Additional options available for development/debug purposes. These options are subject to change without notice, see https://github.com/oneapi-src/oneDNN/blob/master/cmake/options.cmake for details.

GPU Options

Intel Processor Graphics is supported by oneDNN GPU engine. GPU engine is disabled in the default build configuration.

Runtimes

To enable GPU support you need to specify the GPU runtime by setting ONEDNN_GPU_RUNTIME CMake option. The default value is "NONE" which corresponds to no GPU support in the library.

OpenCL*

OpenCL runtime requires Intel(R) SDK for OpenCL* applications. You can explicitly specify the path to the SDK using -DOPENCLROOT CMake option.

$ cmake -DONEDNN_GPU_RUNTIME=OCL -DOPENCLROOT=/path/to/opencl/sdk ..
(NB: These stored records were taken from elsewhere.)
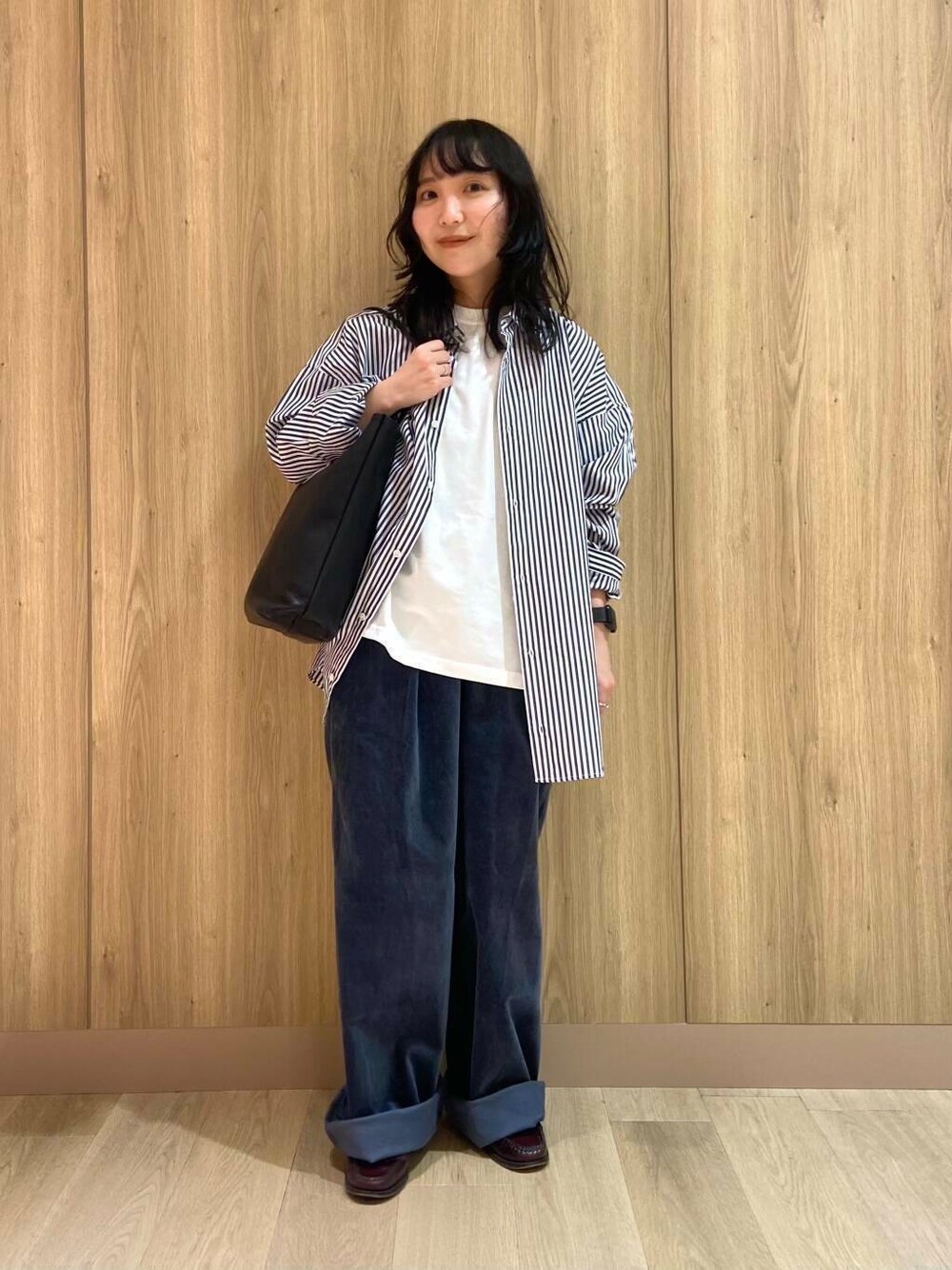 今回は少しメンズライクな雰囲気で組んでみました! シャツはゆったりめなので、小柄な方は羽織として活用すると比較的バランスが取りやすいかと思います◎ お袖は2回折っているのですが、違和感なく着られました! パンツは絶賛愛用中のリアルバイアイテム! 丈は長めのため、腰か裾で2回折って着用しています! ストライプの色に合わせてBLUE系でまとめてみました! 一見サイズが大きいアイテムも、あえてオーバーサイズで着たり、合わせ方次第で小柄な方でも取り入れやすくなったりもするので、一緒に低身長を活かした着こなしを楽しみましょう☀︎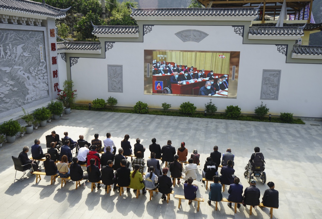 10月16日,在四川省阿坝州汶川县映秀镇渔子溪村,村民在收看中国共产党第二十次全国代表大会开幕会。
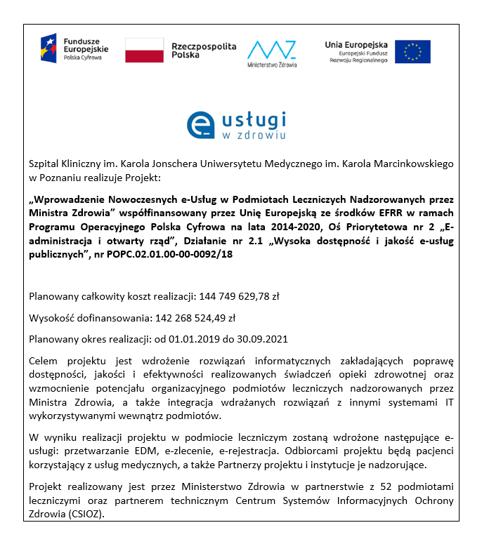1. E-szpital rozwój systemu informatycznego, wdrażanie elektronicznej dokumentacji medycznej i e-usług w Szpitalu Klinicznym im. K. Jonschera w Poznaniu. 2. Rozwój e-usług Szpitala Klinicznego im. K. Jonschera UM w Poznaniu w oparciu o dostęp do Elektronicznej Dokumentacji Medycznej dla pacjentów oraz jednostek świadczących usługi medyczne. 3. Poprawa diagnostyki i jakości leczenia dzieci z chorobami dróg oddechowych w Szpitalu Klinicznym im. K. Jonschera UM w Poznaniu. 4. Wielkopolska Onkologia Dziecięca- Wielkopolski Program Profilaktyczny w zakresie onkologii dziecięcej. 5. Wprowadzenie nowoczesnych e-Usług w podmiotach leczniczych nadzorowanych przez Ministra Zdrowia.

Graph component limitations

The graph component can be enabled via the build option ONEDNN_BUILD_GRAPH. But the build option does not work with some values of other build options. Specifying the options and values simultaneously in one build will lead to a CMake error.

CMake Option

Unsupported Values

ONEDNN_GPU_RUNTIME

OCL

ONEDNN_GPU_VENDOR

NVIDIA

ONEDNN_ENABLE_PRIMITIVE

PRIMITIVE_NAME

ONEDNN_ENABLE_WORKLOAD

INFERENCE

Graph Compiler Backend Limitations

As a backend of the graph component, besides the options described in Graph component limitations, graph compiler backend has some extra limitations. Specifying unsupported build options will lead to a CMake error.

CMake Option

Unsupported Values

ONEDNN_CPU_RUNTIME

THREADPOOL, SYCL

ONEDNN_GPU_RUNTIME

OCL, SYCL

Besides, the instructions contained in the kernels generated by the graph compiler backend are AVX512_CORE or above, so these kernels will not be dispatched on systems that do not have corresponding instruction sets support.